Pocos conflictos se entretejen con tantos mitos y leyendas como el español. No en vano, un ministro catalán confiaba complacido a un corresponsal inglés: «Este es el conflicto más fotogénico jamás visto».[vi] También en esto radica su papel anticipador de la Segunda Guerra Mundial y de las guerras que se han sucedido hasta el día de hoy –desde Corea hasta Irak, desde Afganistán hasta la antigua Yugoslavia–, donde la propaganda y la desinformación se han empleado sistemáticamente como instrumentos bélicos. Han hecho falta setenta años para que estuviera disponible la suficiente documentación, tras la larga glaciación franquista del «pacto de olvido».[vii] Esto ha permitido arrojar luz aunque no siempre toda la luz sobre muchos incidentes polémicos o, por lo menos, reconstruir la forma en que las propagandas trabajaron para deformar la realidad. Desde las empresas de la Escuadrilla Malraux[viii] a las gestas de la Pasionaria, desde el bombardeo de Guernica[ix] a la epopeya del Quinto Regimiento y hasta el grito atribuido al general Millán Astray de «¡Viva la muerte!» –que provocó la protesta del filósofo Unamuno–[x], la guerra civil española fue un vivero de ideales y un laboratorio de supercherías. No faltan quienes sostienen, apoyándose en numerosos argumentos técnicos, que incluso la fotografía más famosa del conflicto, el miliciano moribundo de Robert Capa, es una falsificación.[xi] Tampoco sorprende que la expresión quinta columna se acuñara entonces.[xii]

España era Europa y Occidente, por supuesto, en el más elevado sentido de la palabra. Pero era una Europa y un Occidente, en parte, atípicos, que seducían a los estetas: un país que se había mantenido al margen de la odiada civilización burguesa y mercantilista del siglo xix, aplastado por el inmenso esplendor no monetizable de un pasado arcaico, orgulloso, rural y medievalizante. España no había entrado plenamente en esa modernidad que Europa había dado por sentada desde 1914, con la Primera Guerra Mundial y sus trastornos, de los que ésta había quedado exenta, como habían revelado de diversas formas sus grandes intelectuales –Unamuno, Ortega, Madariaga y otros–. Pero también había sido el laboratorio, antes y después de la caída de la monarquía, de todas las tendencias y propuestas de derechas y de izquierdas: autonomistas y clericales, «jóvenes bárbaros» modernistas y requetés carlistas, anarquistas y falangistas, con mil conexiones sutiles y odios tenaces, viscerales, a menudo incomprensibles para el extranjero.

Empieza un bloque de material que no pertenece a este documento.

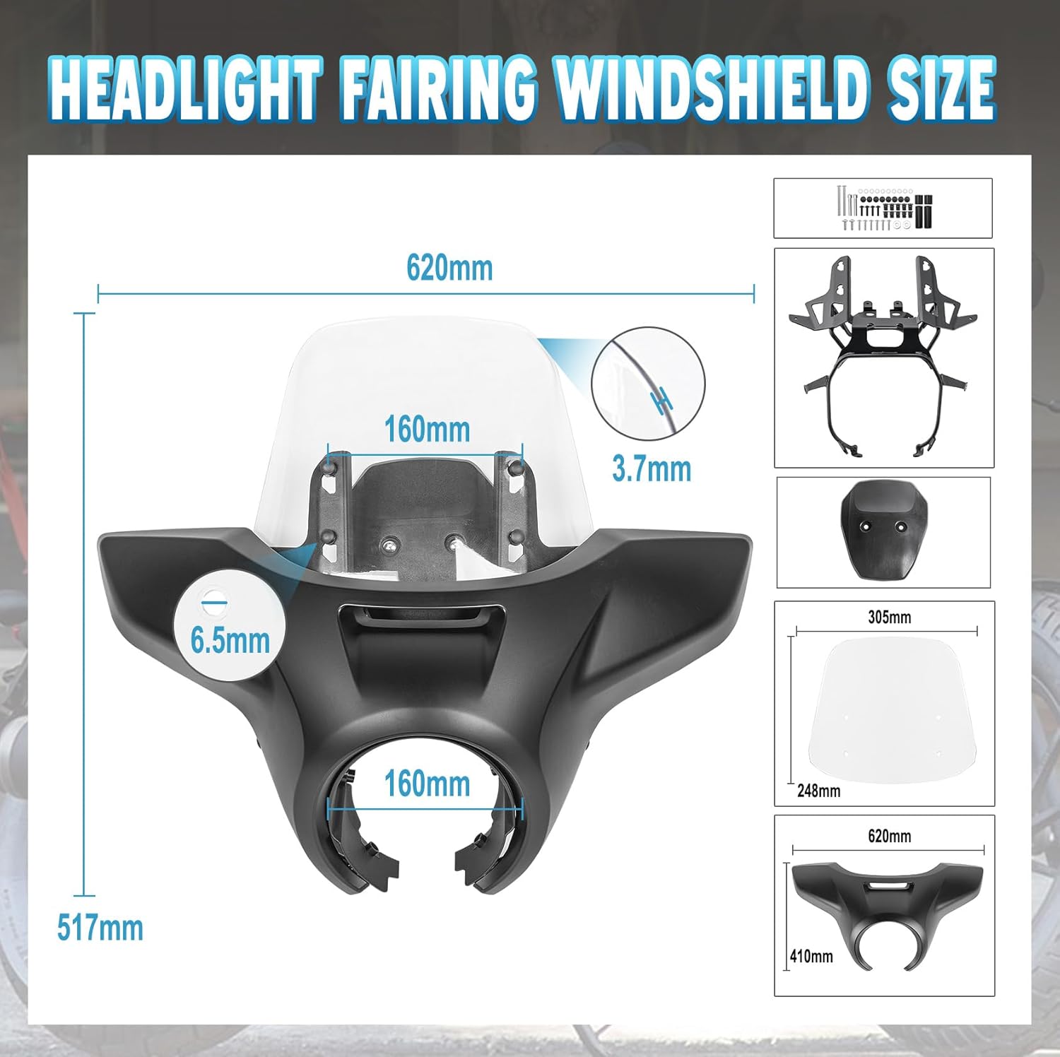 | Included Components | 1 Piece Headlight Cowl Fairing, 1 Piece Windshield Deflector, 1 Set Mounting Braket, 1 Set Mounting Hardware Screw Kit |

La crisis de autoridad de las élites tradicionales se había desarrollado también de manera autónoma en España, tras la derrota en la guerra de 1898 contra Estados Unidos y la liquidación de las últimas posesiones imperiales. La no participación en la Gran Guerra había enriquecido al país, pero lo había marginado espiritualmente. La crisis continuaría en los años veinte y treinta con nuevos reveses coloniales, el desprestigio de la monarquía, el advenimiento de una Weimar ibérica.[xiii] Sin embargo, no podemos olvidar que los intelectuales españoles estaban en su casa, mientras que los extranjeros trasladaban a España batallas ideológicas y propagandísticas que guardaban una relación a menudo ambigua e instrumental con los orígenes, las causas y las características de aquella Guerra Civil, en general poco conocidos. La internacionalización cultural del conflicto se produjo con una espontaneidad que sólo más tarde parecería sospechosa. La movilización de la opinión pública progresista fue la gran obra del Komintern, tras los preparativos del Congreso de Intelectuales.